Copy out the entire listing, keeping each line exactly as it is.

* _INFORMATION SUPPLIED_:
========

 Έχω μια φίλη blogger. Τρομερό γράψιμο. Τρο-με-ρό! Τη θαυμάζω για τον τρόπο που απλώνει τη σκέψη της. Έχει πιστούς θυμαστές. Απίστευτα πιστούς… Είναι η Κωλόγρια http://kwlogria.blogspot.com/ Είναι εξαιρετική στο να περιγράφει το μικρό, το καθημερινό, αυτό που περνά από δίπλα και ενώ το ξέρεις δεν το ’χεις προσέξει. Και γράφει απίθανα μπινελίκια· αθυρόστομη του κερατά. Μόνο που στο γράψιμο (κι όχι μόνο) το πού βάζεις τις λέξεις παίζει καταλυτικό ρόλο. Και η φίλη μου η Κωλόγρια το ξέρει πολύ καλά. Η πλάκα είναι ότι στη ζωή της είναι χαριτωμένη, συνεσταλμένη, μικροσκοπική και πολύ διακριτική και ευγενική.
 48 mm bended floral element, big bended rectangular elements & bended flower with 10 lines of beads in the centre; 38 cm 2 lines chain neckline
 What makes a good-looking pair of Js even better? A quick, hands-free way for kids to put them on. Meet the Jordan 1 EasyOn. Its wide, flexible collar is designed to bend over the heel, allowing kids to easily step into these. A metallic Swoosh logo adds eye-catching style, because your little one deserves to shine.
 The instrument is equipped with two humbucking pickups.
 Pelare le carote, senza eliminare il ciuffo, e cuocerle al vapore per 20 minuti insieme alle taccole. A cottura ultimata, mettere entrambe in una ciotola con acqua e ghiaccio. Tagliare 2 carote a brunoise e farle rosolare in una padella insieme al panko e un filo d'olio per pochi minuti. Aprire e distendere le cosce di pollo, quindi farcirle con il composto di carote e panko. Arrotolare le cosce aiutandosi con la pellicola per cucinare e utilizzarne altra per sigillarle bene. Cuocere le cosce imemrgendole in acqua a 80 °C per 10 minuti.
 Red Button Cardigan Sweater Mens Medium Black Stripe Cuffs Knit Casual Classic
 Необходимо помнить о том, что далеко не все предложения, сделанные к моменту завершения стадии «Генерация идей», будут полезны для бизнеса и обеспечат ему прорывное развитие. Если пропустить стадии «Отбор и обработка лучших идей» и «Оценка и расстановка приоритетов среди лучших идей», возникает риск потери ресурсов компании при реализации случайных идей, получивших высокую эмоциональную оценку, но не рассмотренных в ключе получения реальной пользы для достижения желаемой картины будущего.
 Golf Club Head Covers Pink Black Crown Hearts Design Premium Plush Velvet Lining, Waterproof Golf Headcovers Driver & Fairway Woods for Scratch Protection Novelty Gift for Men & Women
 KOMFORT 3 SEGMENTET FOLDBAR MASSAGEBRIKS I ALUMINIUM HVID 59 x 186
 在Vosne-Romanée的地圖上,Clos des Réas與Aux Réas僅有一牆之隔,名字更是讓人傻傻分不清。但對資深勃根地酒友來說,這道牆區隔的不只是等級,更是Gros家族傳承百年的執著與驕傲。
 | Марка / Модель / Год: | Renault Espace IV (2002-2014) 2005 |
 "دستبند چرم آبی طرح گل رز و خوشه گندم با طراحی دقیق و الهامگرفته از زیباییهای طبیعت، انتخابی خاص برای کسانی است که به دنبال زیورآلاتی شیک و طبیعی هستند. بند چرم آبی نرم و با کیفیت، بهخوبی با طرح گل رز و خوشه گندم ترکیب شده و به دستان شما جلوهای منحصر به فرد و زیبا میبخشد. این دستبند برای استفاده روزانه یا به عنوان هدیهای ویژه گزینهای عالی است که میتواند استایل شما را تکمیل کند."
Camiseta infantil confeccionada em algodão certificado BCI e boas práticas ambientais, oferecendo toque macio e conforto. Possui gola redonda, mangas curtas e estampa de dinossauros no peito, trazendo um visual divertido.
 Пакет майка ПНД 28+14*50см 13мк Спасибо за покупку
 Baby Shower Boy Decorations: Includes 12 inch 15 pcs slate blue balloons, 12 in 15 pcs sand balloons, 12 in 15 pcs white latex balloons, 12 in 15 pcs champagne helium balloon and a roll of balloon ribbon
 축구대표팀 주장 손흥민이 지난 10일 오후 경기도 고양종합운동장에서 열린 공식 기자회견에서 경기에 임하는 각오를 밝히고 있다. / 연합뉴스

========

* _EXERCISE ANSWER_:
 Έχω μια φίλη blogger. Τρομερό γράψιμο. Τρο-με-ρό! Τη θαυμάζω για τον τρόπο που απλώνει τη σκέψη της. Έχει πιστούς θυμαστές. Απίστευτα πιστούς… Είναι η Κωλόγρια http://kwlogria.blogspot.com/ Είναι εξαιρετική στο να περιγράφει το μικρό, το καθημερινό, αυτό που περνά από δίπλα και ενώ το ξέρεις δεν το ’χεις προσέξει. Και γράφει απίθανα μπινελίκια· αθυρόστομη του κερατά. Μόνο που στο γράψιμο (κι όχι μόνο) το πού βάζεις τις λέξεις παίζει καταλυτικό ρόλο. Και η φίλη μου η Κωλόγρια το ξέρει πολύ καλά. Η πλάκα είναι ότι στη ζωή της είναι χαριτωμένη, συνεσταλμένη, μικροσκοπική και πολύ διακριτική και ευγενική.
 48 mm bended floral element, big bended rectangular elements & bended flower with 10 lines of beads in the centre; 38 cm 2 lines chain neckline
 What makes a good-looking pair of Js even better? A quick, hands-free way for kids to put them on. Meet the Jordan 1 EasyOn. Its wide, flexible collar is designed to bend over the heel, allowing kids to easily step into these. A metallic Swoosh logo adds eye-catching style, because your little one deserves to shine.
 The instrument is equipped with two humbucking pickups.
 Pelare le carote, senza eliminare il ciuffo, e cuocerle al vapore per 20 minuti insieme alle taccole. A cottura ultimata, mettere entrambe in una ciotola con acqua e ghiaccio. Tagliare 2 carote a brunoise e farle rosolare in una padella insieme al panko e un filo d'olio per pochi minuti. Aprire e distendere le cosce di pollo, quindi farcirle con il composto di carote e panko. Arrotolare le cosce aiutandosi con la pellicola per cucinare e utilizzarne altra per sigillarle bene. Cuocere le cosce imemrgendole in acqua a 80 °C per 10 minuti.
 Red Button Cardigan Sweater Mens Medium Black Stripe Cuffs Knit Casual Classic
 Необходимо помнить о том, что далеко не все предложения, сделанные к моменту завершения стадии «Генерация идей», будут полезны для бизнеса и обеспечат ему прорывное развитие. Если пропустить стадии «Отбор и обработка лучших идей» и «Оценка и расстановка приоритетов среди лучших идей», возникает риск потери ресурсов компании при реализации случайных идей, получивших высокую эмоциональную оценку, но не рассмотренных в ключе получения реальной пользы для достижения желаемой картины будущего.
 Golf Club Head Covers Pink Black Crown Hearts Design Premium Plush Velvet Lining, Waterproof Golf Headcovers Driver & Fairway Woods for Scratch Protection Novelty Gift for Men & Women
 KOMFORT 3 SEGMENTET FOLDBAR MASSAGEBRIKS I ALUMINIUM HVID 59 x 186
 在Vosne-Romanée的地圖上,Clos des Réas與Aux Réas僅有一牆之隔,名字更是讓人傻傻分不清。但對資深勃根地酒友來說,這道牆區隔的不只是等級,更是Gros家族傳承百年的執著與驕傲。
 | Марка / Модель / Год: | Renault Espace IV (2002-2014) 2005 |
 "دستبند چرم آبی طرح گل رز و خوشه گندم با طراحی دقیق و الهامگرفته از زیباییهای طبیعت، انتخابی خاص برای کسانی است که به دنبال زیورآلاتی شیک و طبیعی هستند. بند چرم آبی نرم و با کیفیت، بهخوبی با طرح گل رز و خوشه گندم ترکیب شده و به دستان شما جلوهای منحصر به فرد و زیبا میبخشد. این دستبند برای استفاده روزانه یا به عنوان هدیهای ویژه گزینهای عالی است که میتواند استایل شما را تکمیل کند."
Camiseta infantil confeccionada em algodão certificado BCI e boas práticas ambientais, oferecendo toque macio e conforto. Possui gola redonda, mangas curtas e estampa de dinossauros no peito, trazendo um visual divertido.
 Пакет майка ПНД 28+14*50см 13мк Спасибо за покупку
 Baby Shower Boy Decorations: Includes 12 inch 15 pcs slate blue balloons, 12 in 15 pcs sand balloons, 12 in 15 pcs white latex balloons, 12 in 15 pcs champagne helium balloon and a roll of balloon ribbon
 축구대표팀 주장 손흥민이 지난 10일 오후 경기도 고양종합운동장에서 열린 공식 기자회견에서 경기에 임하는 각오를 밝히고 있다. / 연합뉴스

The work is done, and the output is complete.